(Beginning of Provided information)
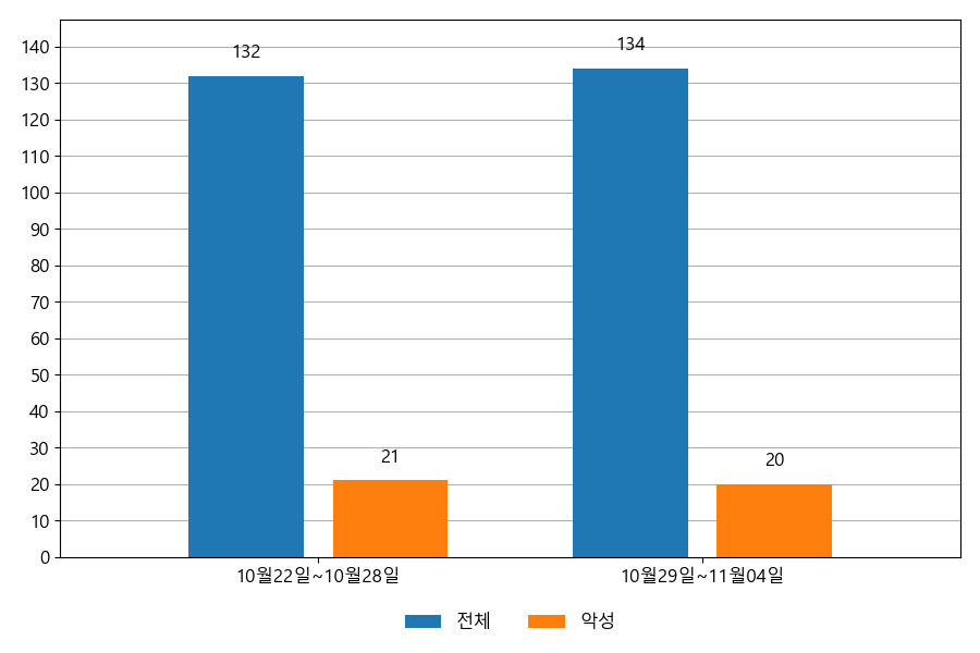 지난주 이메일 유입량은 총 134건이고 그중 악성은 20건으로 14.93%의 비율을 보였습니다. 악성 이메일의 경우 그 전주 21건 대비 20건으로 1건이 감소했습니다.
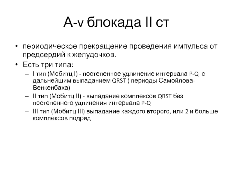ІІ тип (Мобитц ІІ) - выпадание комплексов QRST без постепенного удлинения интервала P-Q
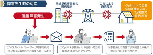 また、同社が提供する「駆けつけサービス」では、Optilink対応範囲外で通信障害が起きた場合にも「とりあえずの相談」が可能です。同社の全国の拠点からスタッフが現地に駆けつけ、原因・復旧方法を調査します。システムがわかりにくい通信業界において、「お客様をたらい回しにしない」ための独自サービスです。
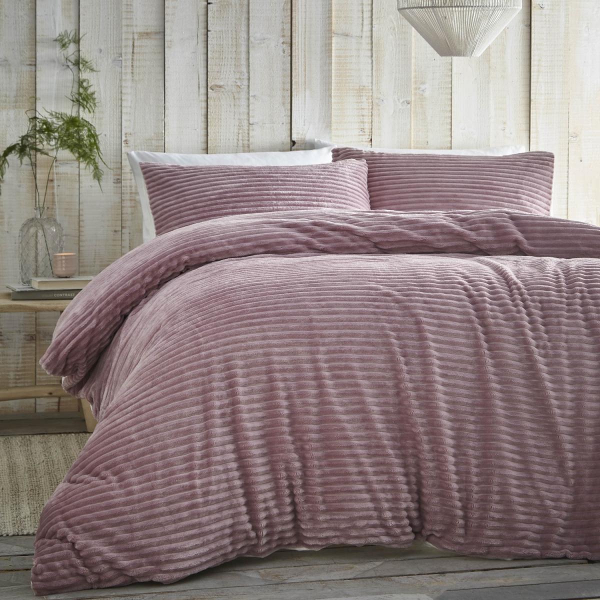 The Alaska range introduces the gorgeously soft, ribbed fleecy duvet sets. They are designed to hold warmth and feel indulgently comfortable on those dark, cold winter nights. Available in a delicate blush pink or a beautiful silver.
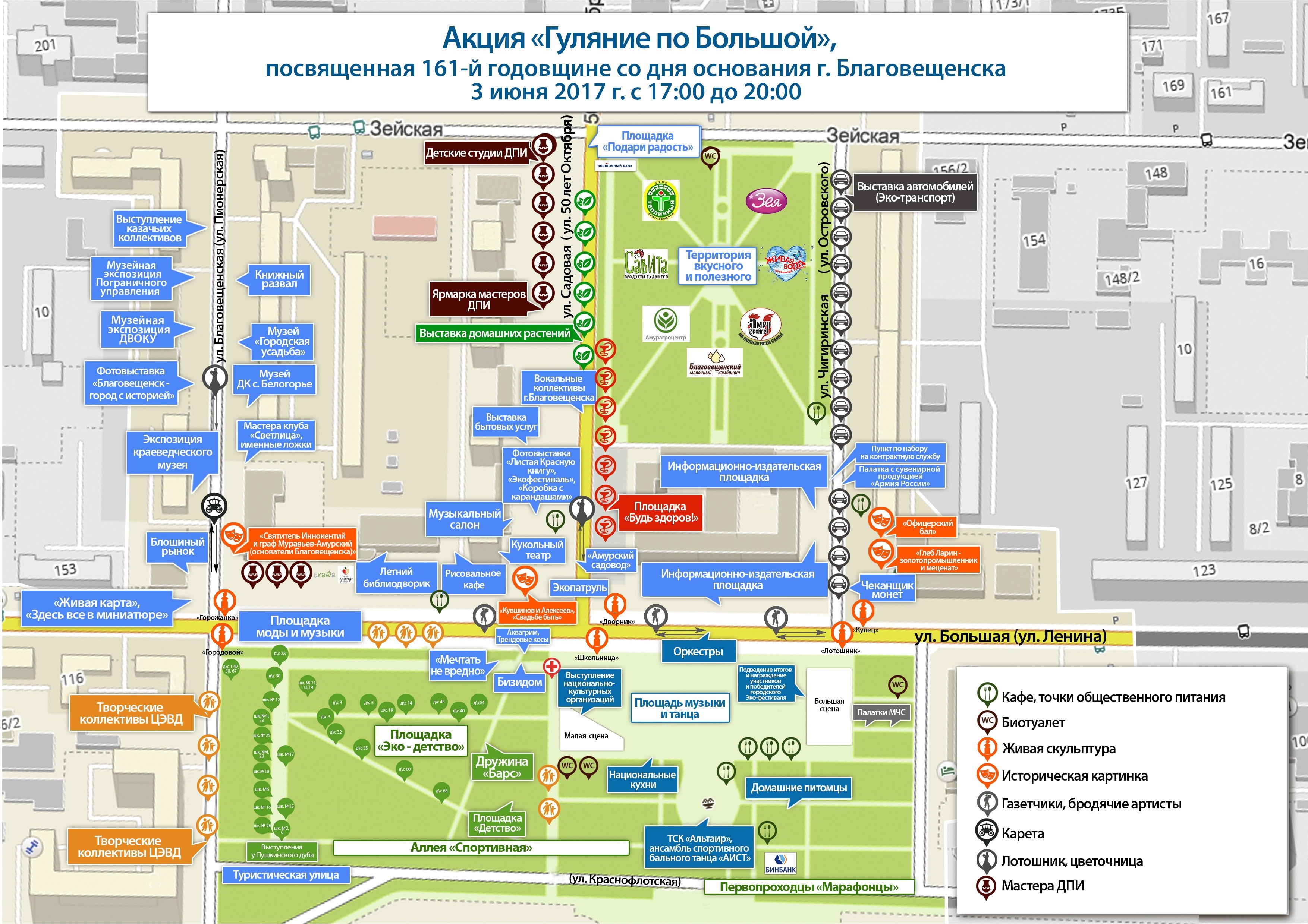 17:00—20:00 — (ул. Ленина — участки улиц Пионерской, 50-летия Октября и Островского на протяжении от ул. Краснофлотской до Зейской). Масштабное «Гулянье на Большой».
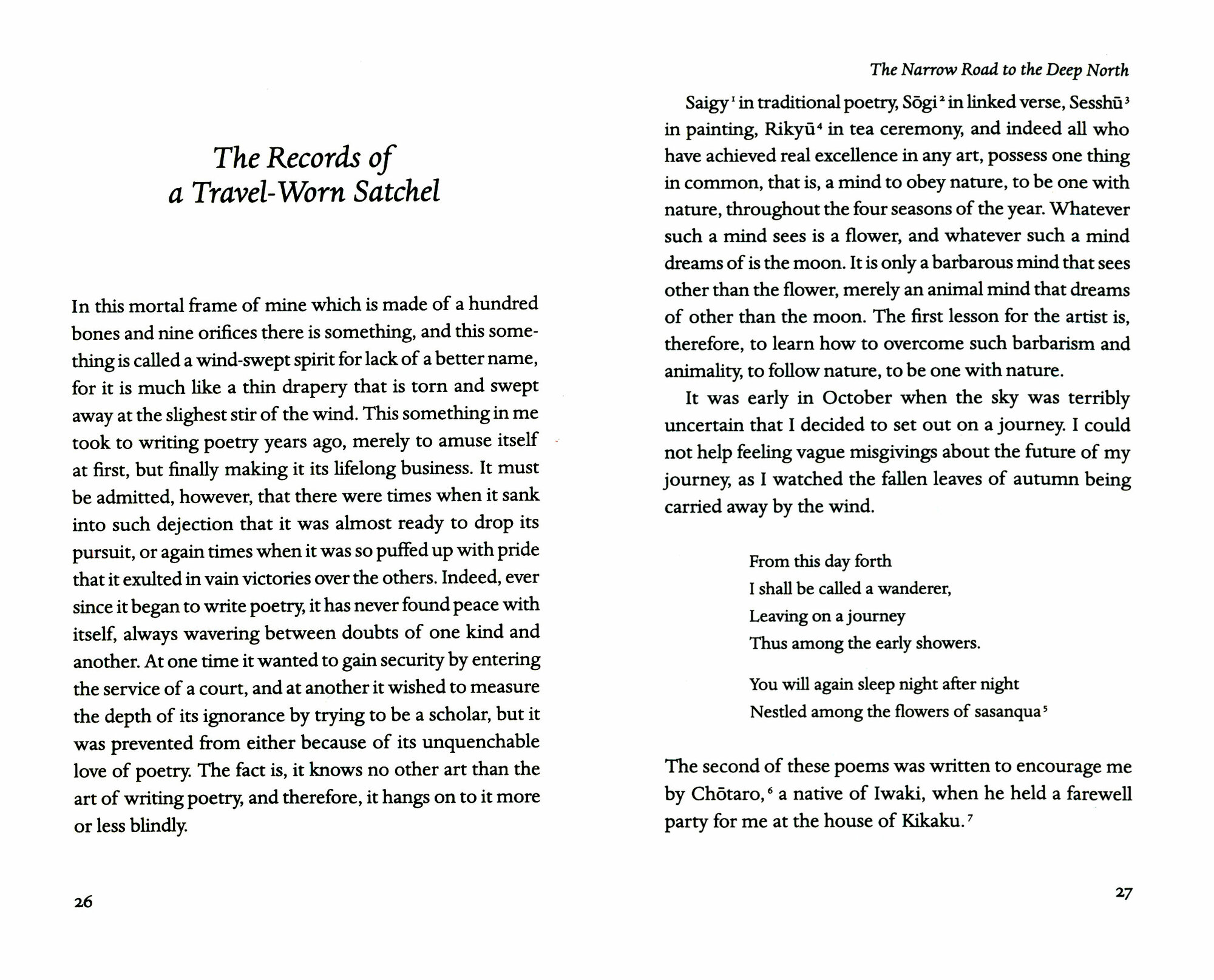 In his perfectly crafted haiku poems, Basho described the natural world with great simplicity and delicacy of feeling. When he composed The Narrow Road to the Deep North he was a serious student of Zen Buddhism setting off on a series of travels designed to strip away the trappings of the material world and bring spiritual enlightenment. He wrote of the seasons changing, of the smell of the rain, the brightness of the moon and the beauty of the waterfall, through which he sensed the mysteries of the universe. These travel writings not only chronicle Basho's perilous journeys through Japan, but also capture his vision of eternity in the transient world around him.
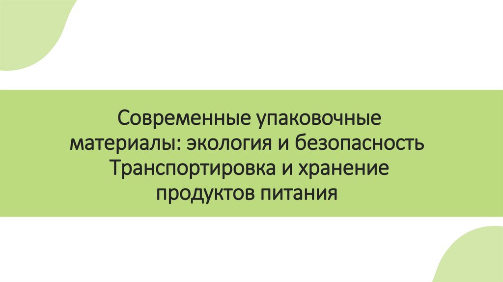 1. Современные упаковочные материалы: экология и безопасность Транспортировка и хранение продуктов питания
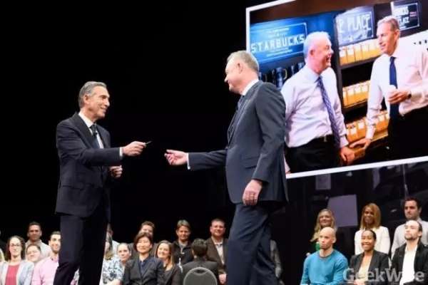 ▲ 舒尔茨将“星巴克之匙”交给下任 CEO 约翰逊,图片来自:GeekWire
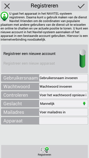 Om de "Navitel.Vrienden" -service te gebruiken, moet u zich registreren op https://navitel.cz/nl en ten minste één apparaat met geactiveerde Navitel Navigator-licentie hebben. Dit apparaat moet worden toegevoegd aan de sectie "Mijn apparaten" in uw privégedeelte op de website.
(End of Provided information)
**Work order**
Whenever images occur above, omit them and retype each line exactly as it stands.

**Answer**
 지난주 이메일 유입량은 총 134건이고 그중 악성은 20건으로 14.93%의 비율을 보였습니다. 악성 이메일의 경우 그 전주 21건 대비 20건으로 1건이 감소했습니다.
ІІ тип (Мобитц ІІ) - выпадание комплексов QRST без постепенного удлинения интервала P-Q
 また、同社が提供する「駆けつけサービス」では、Optilink対応範囲外で通信障害が起きた場合にも「とりあえずの相談」が可能です。同社の全国の拠点からスタッフが現地に駆けつけ、原因・復旧方法を調査します。システムがわかりにくい通信業界において、「お客様をたらい回しにしない」ための独自サービスです。
 The Alaska range introduces the gorgeously soft, ribbed fleecy duvet sets. They are designed to hold warmth and feel indulgently comfortable on those dark, cold winter nights. Available in a delicate blush pink or a beautiful silver.
 17:00—20:00 — (ул. Ленина — участки улиц Пионерской, 50-летия Октября и Островского на протяжении от ул. Краснофлотской до Зейской). Масштабное «Гулянье на Большой».
 In his perfectly crafted haiku poems, Basho described the natural world with great simplicity and delicacy of feeling. When he composed The Narrow Road to the Deep North he was a serious student of Zen Buddhism setting off on a series of travels designed to strip away the trappings of the material world and bring spiritual enlightenment. He wrote of the seasons changing, of the smell of the rain, the brightness of the moon and the beauty of the waterfall, through which he sensed the mysteries of the universe. These travel writings not only chronicle Basho's perilous journeys through Japan, but also capture his vision of eternity in the transient world around him.
 1. Современные упаковочные материалы: экология и безопасность Транспортировка и хранение продуктов питания
 ▲ 舒尔茨将“星巴克之匙”交给下任 CEO 约翰逊,图片来自:GeekWire
 Om de "Navitel.Vrienden" -service te gebruiken, moet u zich registreren op https://navitel.cz/nl en ten minste één apparaat met geactiveerde Navitel Navigator-licentie hebben. Dit apparaat moet worden toegevoegd aan de sectie "Mijn apparaten" in uw privégedeelte op de website.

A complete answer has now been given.